The Mirror Thief
- First edition
- Authors: Martin Seay
- Language: English
- Genre: fiction
- Publisher: Melville House
- Publication date: 2016
- ISBN: 9781612195599
- OCLC: 1004774853

= The Mirror Thief =

2016 novel by Martin Seay

The Mirror Thief is a 2016 debut novel authored by Martin Seay. "Set in three different versions of Venice (Italy, California, and Las Vegas) during three different time periods (16th century, mid-20th, early 21st)," it follows Mark Lawson's reading of The Mirror Thief, a book tied to Stanley Glass.

==Plot==
The plot is "set in three different versions of Venice (Italy, California, and Las Vegas) during three different time periods (16th century, mid-20th, early 21st)." It follows Curtis Stone as he looks for card counter Stanley Glass in Las Vegas, Nevada, but instead finds a book which "inspired" Glass's life called The Mirror Thief; this takes Stone into a mise en abyme through his reading.
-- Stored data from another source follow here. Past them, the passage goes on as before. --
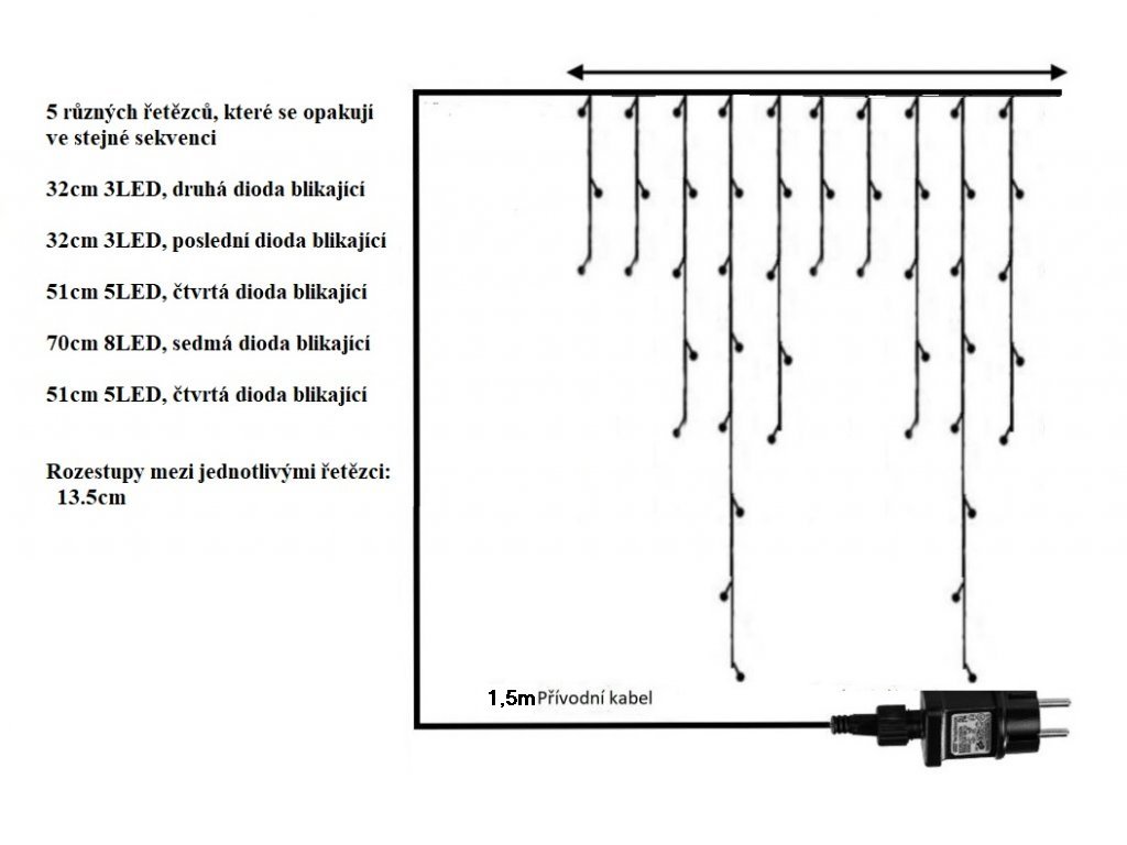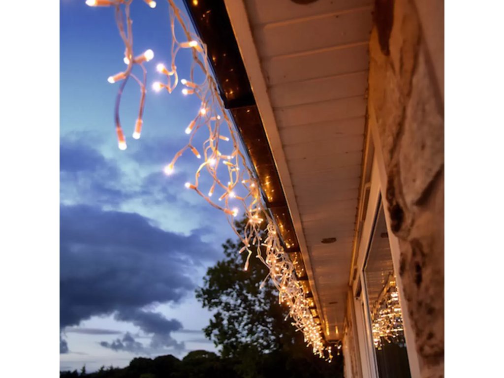 Profesionálny vonkajší LED vianočný záves s dĺžkou 10 metrov a 312 silnými 7mm LED diódami v studenej bielej farbe vytvára elegantný zimný efekt ideálny na výzdobu domov, striech, pergol i komerčných priestorov. Záves je určený pre stále svietenie a ponúka prepojiteľný profesionálny systém, ktorý umožňuje jednoduché napojenie ďalších svetelných reťazí alebo dekorácií. Vďaka prepleteným 8mm reťazcom, prívodnému káblu s dĺžkou 1,5 m (5 mm priemer) a krytiu IP44 je osvetlenie vysoko odolné voči poveternostným vplyvom. Biely napájací kábel dodáva svetelnému závesu čistý, estetický vzhľad.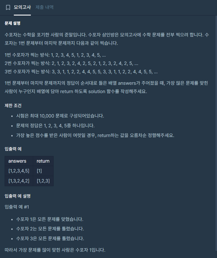 ⬛ 프로그래머스 | LV.1 모의고사 - 완전탐색 DFS 문풀 (Java)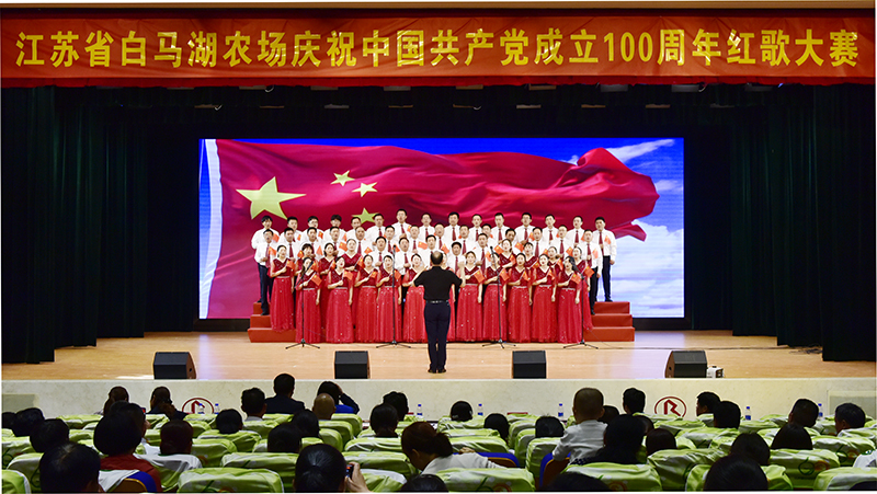 为贯彻落实中共中央办公厅印发的《关于在全社会开展党史、新中国史、改革开放史、社会主义发展史宣传教育的通知》,创新方式方法,鼓励党员干部更好地投入到党史学习教育中去,吸引职工群众广泛地参与到“四史”宣传教育中来,5月28日下午,白马湖农场公司成功举办了“唱党歌、颂党恩、跟党走”庆祝中国共产党成立100周年红歌大赛,用嘹亮歌声庆祝党的百年华诞,表达对党、对祖国的赤子深情。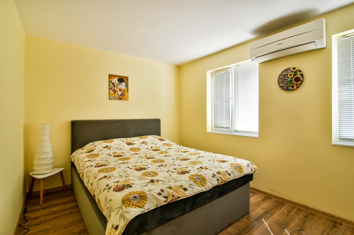 Budget-friendly studio for 2 in quiet villa area near Saint Constantine & Helena. Cozy 2nd-floor flat with double bed, kitchenette, private bathroom, shared garden. Free street parking, Wi-Fi, AC, TV. Ideal for couples or solo travelers seeking peaceful nature + resort proximity.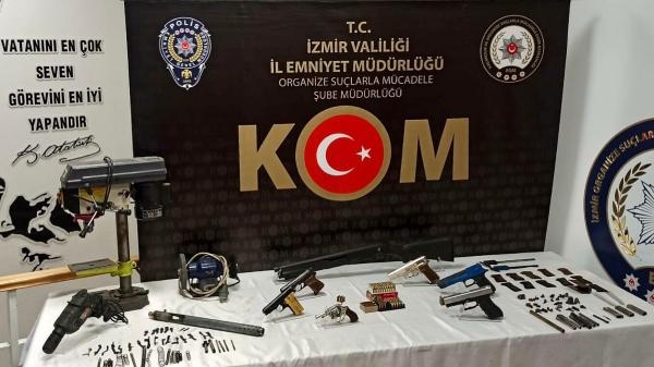 İZMİR'in 2 ayrı ilçesinde atölyeye çevirdikleri iş yerlerinde yasa dışı silah ticareti yaptığı tespit edilen 2 şüpheli gözaltına alındı; 23 tabanca, 3 tüfek, 1 el yapımı boru tipi tüfek, 3 kurusıkı tabanca, 31 şarjör ve 155 fişek ele geçirildi.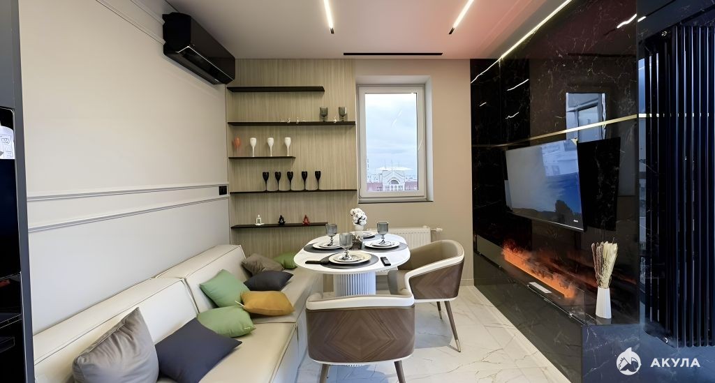 Новая дизайнерская квартира в центре города. "Евротрёшка": кухня-гостиная, 2 спальни. Панорамные окна, вид на Волгу. Лифт спускается в паркинг.

In a review for The Guardian, Mark Lawson noted that "Topics under consideration range from why bingo is a fascist game, through penetrating reflections on the poetry of Ezra Pound and techniques of glass-making, to the visual resemblance between the French philosopher Michel Foucault and the Greek-American actor Telly Savalas."

==Critical reception==
The novel received good reviews from The New York Times and The Guardian.